Table 2 Experimentally determined 3JNH,Hα coupling values (Hz) in the residues of CATWEAMEKCK in methanol at T = 320–260 K, ΔδNH/ΔT (ppb K−1) and chemical shifts of hydrogen atoms Hα (ppm, referenced to CD3OH, δ = 3.31). Corresponding values for the tripeptide EAM are shown in parenthesis
T/K 320 300 280 260 ΔδNH/ΔT δ(Hα)
a Not determined because of a signal overlap, signal broadening or fast chemical exchange process.
C1 5.2 5.0 4.9 4.7 −6.5 4.30
A2 4.5 4.6 4.5 4.2 −5.6 4.27
T 4.00
W 4.4 4.6 4.5 −5.6 4.39
E5 4.4 (6.6) 3.8 (6.3) 3.4 (6.3) −6.4 (−5.6) 3.93 (4.28)
A6 4.5 4.6 (6.2) 4.4 (6.1) 4.3 (6.0) −3.5 (−6.7) 4.03 (4.28)
M 4.8 4.8 (7.9) 4.7 (7.9) 4.4 (7.8) −3.7 (−6.2) 4.13 (4.43)
E8 4.7 4.7 4.4 −3.8 3.97
K9 5.4 5.1 4.9 −4.2 4.08
C10 6.7 6.5 6.3 5.9 −1.1 4.30
K11 4.24


In addition, we calculated the J-coupling values for ideal α-helical, extended, and PPII conformations of all seven tripeptides (see Table S9 in the ESI), to show that the experimentally determined values fit in the range of the calculated results.

3.3. QM(DFT-D3)//COSMO-RS conformational sampling

In our previous work, a limited sampling of all 8000 tripeptides was performed,22 employing the calibrated QM protocol.22,51,66. However, only 200 initial conformers were generated for each tripeptide, which covered a rather limited part of their vast conformational space. Therefore, we carried out extensive DFT-D3//COSMO-RS//GFN-2 conformational sampling, as described in Methods, of seven selected tripeptides: presumably pro-helical ALA, DIC, EKF, EAM, and KAM, and pro-extended VIV and IYI. This resulted in 608–5179 final conformers for each tripeptide. The results are summarized in Fig. 7, which compares the energetic distribution of α-helical, extended, and PPII conformers, separately for each amino acid. In this respect, QM calculations can be directly compared to the NMR data discussed above, reflecting the secondary structure of each residue.
image file: d3sc04960d-f7.tif
Fig. 7 Histograms of conformer energies for α-helical, extended, and PPII conformers of seven tripeptides in methanol. Conformer energies were calculated at the BP86-D3(BJ)/def2-TZVPD//COSMO-RS level.
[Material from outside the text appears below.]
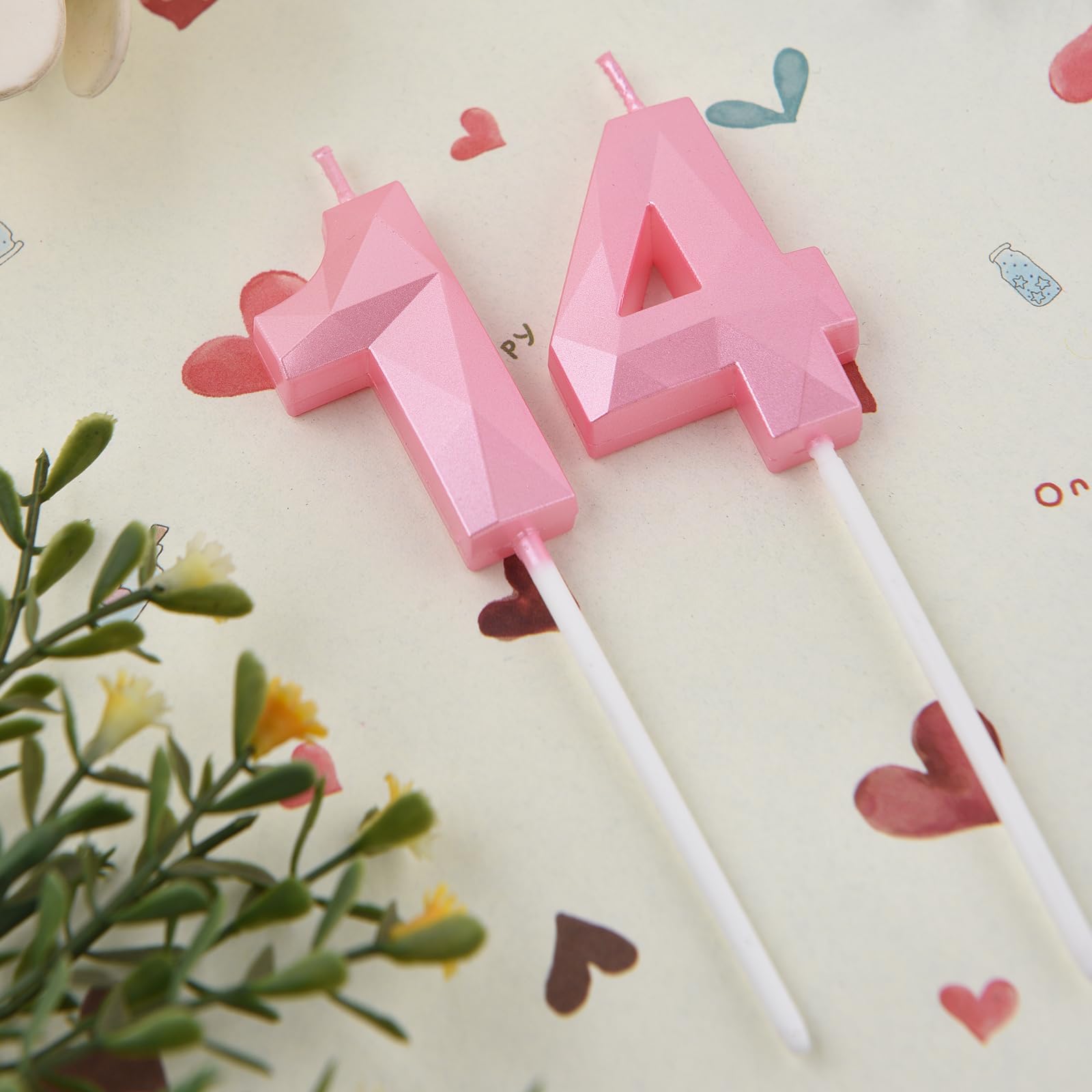 INSTRUCTIONS: Package Include: 2 pcs candles,Number 14 birthday candles Color : Glitter Pink Material : quality wax ,smokeless and non-toxic Size: Width:1.4 in. Number height: 1.97 in. Total height: 4.9 in Please Note : Warm Note:Please keep the candles in shade away from the fire

The histograms in Fig. 7 illustrate markedly different trends observed among the seven tripeptides. EAM has all three structural types (α-helix, extended, and PPII helix) energetically accessible, which is consistent with the spectroscopic results. DIC exhibits a stronger tendency to form α-helical structures (with respect to the other peptides studied herein). Moreover, by correlating NMR and computational data on a per-residue basis, we may observe almost perfect agreement between the two. From NMR, the tendency for helicity increases in the order D < C ≤ I, which is exactly the case in the DFT-D3//COSMO-RS histograms. The experiments indicated that VIV and IYI prefer extended conformations, and indeed, the VIV and IYI extended conformers are computed to be lower in energy. Furthermore, NMR predicts the tendency for the extended structure in the order V1/3 < I (c.f.Table 1), which is also seen from the computed histograms (Fig. 7). The same holds true for IYI.
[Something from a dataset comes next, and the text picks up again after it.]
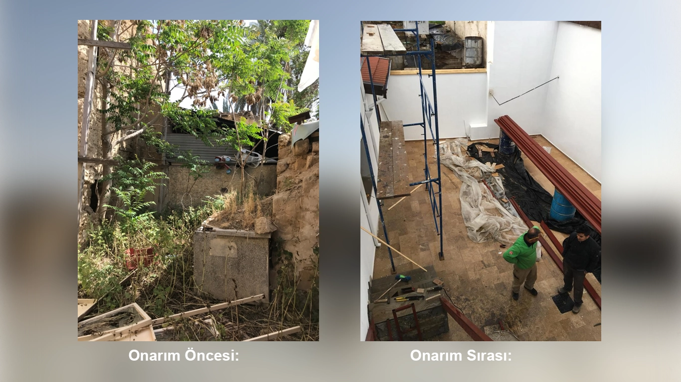 Öncelikle çevre yapıların avlulara bakan kısımlarının güçlendirilerek Ev için tehlike oluşturmasının önlenmesi planlanmıştır.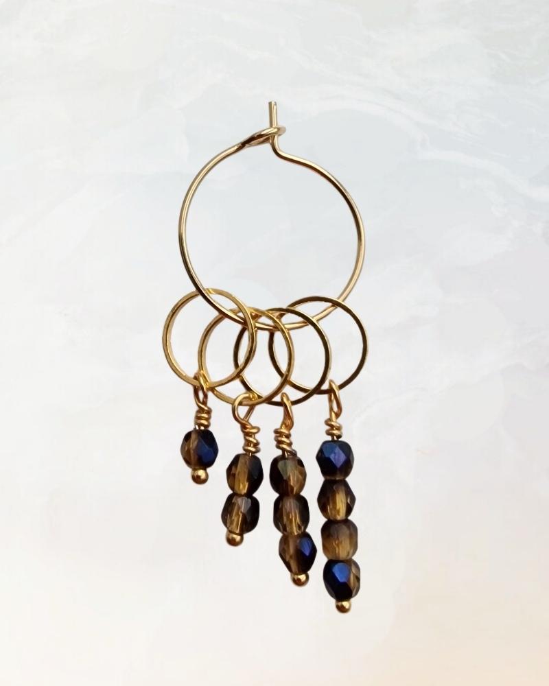 Talmarkører med facetterede perler i en særlig changerende blå og gyldenbrun farve.

Experimentally, EKF and KAM secondary structures seem to be mixtures of PPII helix with minor α-helix contribution, which is well reproduced by the calculations, both ‘globally’ and on a per-residue basis. For example, in KAM, the terminal methionine residue has quite a high propensity for extended conformations, which is observed both computationally as well as in NMR. In the case of ALA, NMR predicts that L is assumed to adopt preferably extended conformation, and this can also be seen in computed histograms. Terminal alanine residues behave somewhat differently with respect to each other in NMR (Table 1), which is also observed computationally, as A1 tends to adopt extended conformations less than the A3 residue. We also observed that conformational energy distribution is similar in other solvents, as illustrated in the ESI (Fig. S10) for EAM and IYI.

In summary, we demonstrated that predictions provided by quantum chemical calculations are in agreement with the experimentally obtained 3JNH,Hα coupling constants, VCD and ECD spectral patterns. VCD and ECD spectroscopy nicely complements the NMR experimental data by distinguishing the left- (PPII) and right-(α) handed helix.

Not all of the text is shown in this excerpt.